3.11. Curlew, which have declined dramatically in the same period (BoCC Red-listed), have also become increasingly dependent upon moorland for breeding sites in mid-Wales, while often feeding elsewhere, especially at night. The most important cluster of Curlew within our study area is to be found on and around the Gladestry-to-Llandeilo Graban chain of moors, extending south to the Begwns and other hills, therefore closely associated with PMP moorland. (See further discussion for this species in Section 6 ‘Conservation’ below.)
3.12. Similarly, the only significant densities of breeding Red Grouse in the study area are on the Beacon Hill and Gladestry-to-Llandeilo Graban chain of moors, almost all of these engaged in the PMP scheme.

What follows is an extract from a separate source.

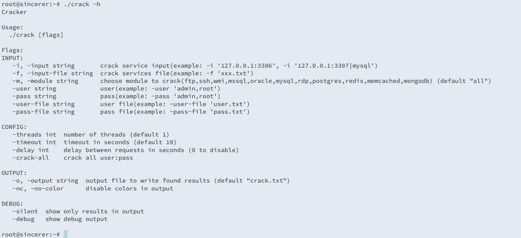 Crack是一个类似Hydra的功能强大的,高效的弱口令爆破程序,使用Golang编写,安装方便,跨平台支持(甚至可以使用Termux在未root的安卓上运行)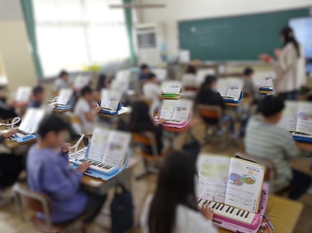 2年生の教室から、鍵盤ハーモニカの音色が聞こえてきました。「こぐまの二月」の曲を上と下のパートに分かれて演奏していました。みんな笑顔で楽しそうに素敵なハーモニーを響かせていました。

Unfragmented tracts of heather moorland managed by skilled moorkeepers is the key factor for this BoCC Amber-listed species (also one of Britain’s few indigenous sub-species).
3.13. Merlin and Hen Harrier are further essentially heather moorland breeding species. Merlin has been observed to be present on both PMP moors during the breeding season; Hen Harrier on one of the grouse moors and one of the control survey moors.

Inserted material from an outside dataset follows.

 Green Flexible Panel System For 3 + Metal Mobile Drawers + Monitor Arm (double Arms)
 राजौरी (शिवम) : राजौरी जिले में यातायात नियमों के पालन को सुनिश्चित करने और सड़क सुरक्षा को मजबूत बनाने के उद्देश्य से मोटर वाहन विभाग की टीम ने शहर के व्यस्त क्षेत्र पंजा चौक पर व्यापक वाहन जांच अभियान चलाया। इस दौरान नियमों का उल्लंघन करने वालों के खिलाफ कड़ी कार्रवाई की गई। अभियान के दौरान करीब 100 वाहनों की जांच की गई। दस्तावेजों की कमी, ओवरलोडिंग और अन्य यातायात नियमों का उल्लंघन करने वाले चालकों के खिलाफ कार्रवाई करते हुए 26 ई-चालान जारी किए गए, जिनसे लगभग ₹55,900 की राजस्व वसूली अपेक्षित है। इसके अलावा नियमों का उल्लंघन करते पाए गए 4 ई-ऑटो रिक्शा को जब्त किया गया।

3.14. Further species which within the study area breed not exclusively but in their most significant numbers on upland moor are Meadow Pipit, Skylark, Whinchat, Wheatear, Raven, Linnet. Species which in mid Wales have an important proportion of their breeding population on or using such habitat include Snipe, Hobby, Tree Pipit, Stonechat and Reed Bunting.

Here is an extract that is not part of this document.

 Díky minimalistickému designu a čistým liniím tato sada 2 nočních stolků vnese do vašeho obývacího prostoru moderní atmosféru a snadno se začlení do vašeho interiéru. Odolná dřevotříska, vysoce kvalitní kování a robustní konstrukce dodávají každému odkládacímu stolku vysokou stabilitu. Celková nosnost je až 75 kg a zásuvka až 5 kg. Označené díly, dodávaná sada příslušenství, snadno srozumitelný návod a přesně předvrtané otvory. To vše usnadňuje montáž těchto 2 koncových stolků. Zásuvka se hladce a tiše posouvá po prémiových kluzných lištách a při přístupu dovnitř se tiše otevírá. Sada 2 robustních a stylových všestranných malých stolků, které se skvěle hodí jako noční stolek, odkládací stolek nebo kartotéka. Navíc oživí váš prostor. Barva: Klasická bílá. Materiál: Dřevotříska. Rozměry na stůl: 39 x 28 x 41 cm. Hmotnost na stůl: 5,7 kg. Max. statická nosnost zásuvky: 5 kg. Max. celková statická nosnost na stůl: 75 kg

3.15. Other ‘species of concern’ shown in our surveys and observations to be breeding on moorland in the study area are: Lapwing (see ‘Conservation’ notes), Grey Wagtail, Song Thrush, Mistle Thrush, Lesser Redpoll and Yellowhammer (Red-listed); and Teal, Mallard, Kestrel, Dunnock, Redstart, Willow Warbler, Bullfinch (Amber-listed).
3.16. The importance of upland moorland outside the breeding season – too often overlooked – is underlined by our observations, in particular with regard to Golden Plover. During the study period, this species has been regularly observed in flocks of up to 250 throughout the winter months, though particularly during autumn and spring passage. Pete Jennings, county bird recorder for Radnorshire, has commented that the Painscastle area is a favoured stop-off [pers.comm]. The key here is often areas that have recently been mown for bracken-baling, creating close-cropped areas on gentle slopes favoured by this tundra plover.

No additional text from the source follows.